*PROBLEM TO SOLVE*. Skip every image and restate the data word for word.

[Stored data entries]
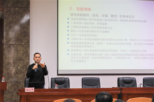 随后,学工部张江华副部长进行“学生干部情绪管理与压力应对”专题报告。张部长以案例分析的形式向同学们说明了情绪管理的重要性,并从生物学、中医学方面向班长们讲解了情绪的起源及其与疾病的关系,讲授了科学的情绪管理方法,他强调要解决情绪问题首先要正视情绪。最后张部长在现场分享了几个疏导情绪的实用方法,建议同学们调整自身需求,科学管理好自身情绪。
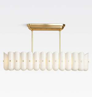 Drawing inspiration from the opulence of Art Deco design, the Lorna Linear Chandelier showcases hand-blown glass shades with signature radial fluting—an architectural detail that softens light and adds sculptural presence.
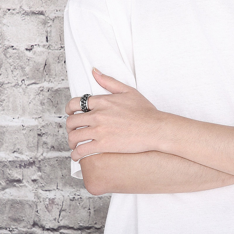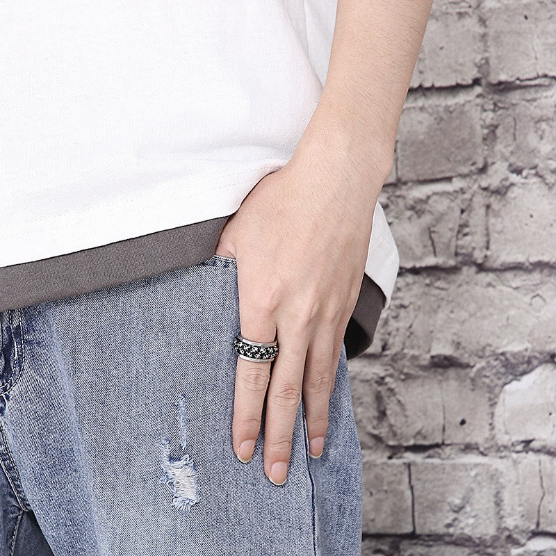 Wear this men’s rotating skull ring in titanium steel to feel smooth spin, steady weight, and a centered fit that stays calm and controlled through daily hand movement.
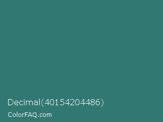 Decimal 40154204486 Color is a normal cyan color and the nearest color is Myrtle Green #317873. Hex code #327872 and RGB value is rgb(50,120,114). In RGB color space, this color is composed of 20% red, 47% green, 45% blue, In CMYK color space, this color is composed of 58% cyan, 0% magenta, 5% yellow , 53% black , In HSL color space, this color has a hue angle of 175° , 41% saturation and 33% lightness.
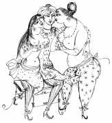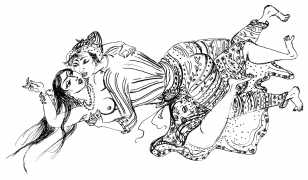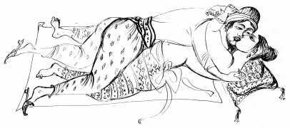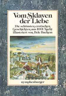 Vom Sklaven der Liebe (From the Slave of Love) is a retelling by Josef Thanner of eleven of the more erotic tales from the Arabian Nights, illustrated by Bele Bachem in a simple pen-and-ink line style which works well with the clear text. This edition also includes eight Bachem colour plates, but reproduced so small and poorly that they detract from the book rather than adding to it.
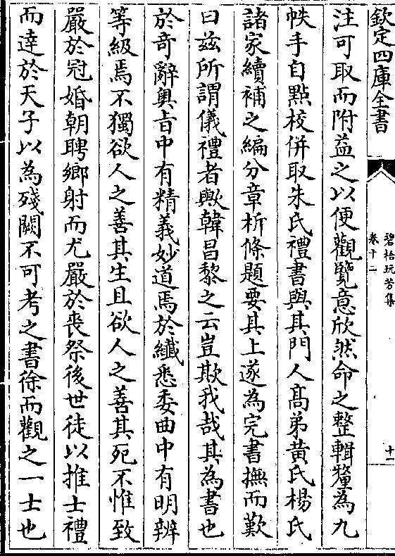 注可取而附益之以便观览意欣然命之整辑釐为九帙手自点校并取朱氏礼书与其门人高弟黄氏杨氏
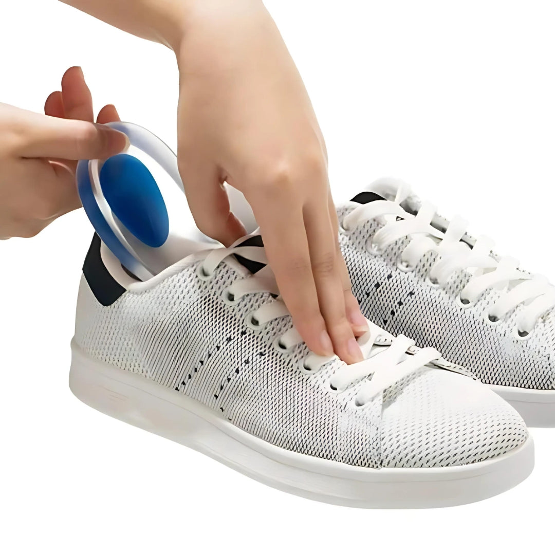 The advanced gel material absorbs shock, significantly reducing stress on the heel—particularly during high-impact activities such as running or walking, for enhanced comfort and protection.

*TASK RESULT*.
 随后,学工部张江华副部长进行“学生干部情绪管理与压力应对”专题报告。张部长以案例分析的形式向同学们说明了情绪管理的重要性,并从生物学、中医学方面向班长们讲解了情绪的起源及其与疾病的关系,讲授了科学的情绪管理方法,他强调要解决情绪问题首先要正视情绪。最后张部长在现场分享了几个疏导情绪的实用方法,建议同学们调整自身需求,科学管理好自身情绪。
 Drawing inspiration from the opulence of Art Deco design, the Lorna Linear Chandelier showcases hand-blown glass shades with signature radial fluting—an architectural detail that softens light and adds sculptural presence.
 Wear this men’s rotating skull ring in titanium steel to feel smooth spin, steady weight, and a centered fit that stays calm and controlled through daily hand movement.
 Decimal 40154204486 Color is a normal cyan color and the nearest color is Myrtle Green #317873. Hex code #327872 and RGB value is rgb(50,120,114). In RGB color space, this color is composed of 20% red, 47% green, 45% blue, In CMYK color space, this color is composed of 58% cyan, 0% magenta, 5% yellow , 53% black , In HSL color space, this color has a hue angle of 175° , 41% saturation and 33% lightness.
 Vom Sklaven der Liebe (From the Slave of Love) is a retelling by Josef Thanner of eleven of the more erotic tales from the Arabian Nights, illustrated by Bele Bachem in a simple pen-and-ink line style which works well with the clear text. This edition also includes eight Bachem colour plates, but reproduced so small and poorly that they detract from the book rather than adding to it.
 注可取而附益之以便观览意欣然命之整辑釐为九帙手自点校并取朱氏礼书与其门人高弟黄氏杨氏
 The advanced gel material absorbs shock, significantly reducing stress on the heel—particularly during high-impact activities such as running or walking, for enhanced comfort and protection.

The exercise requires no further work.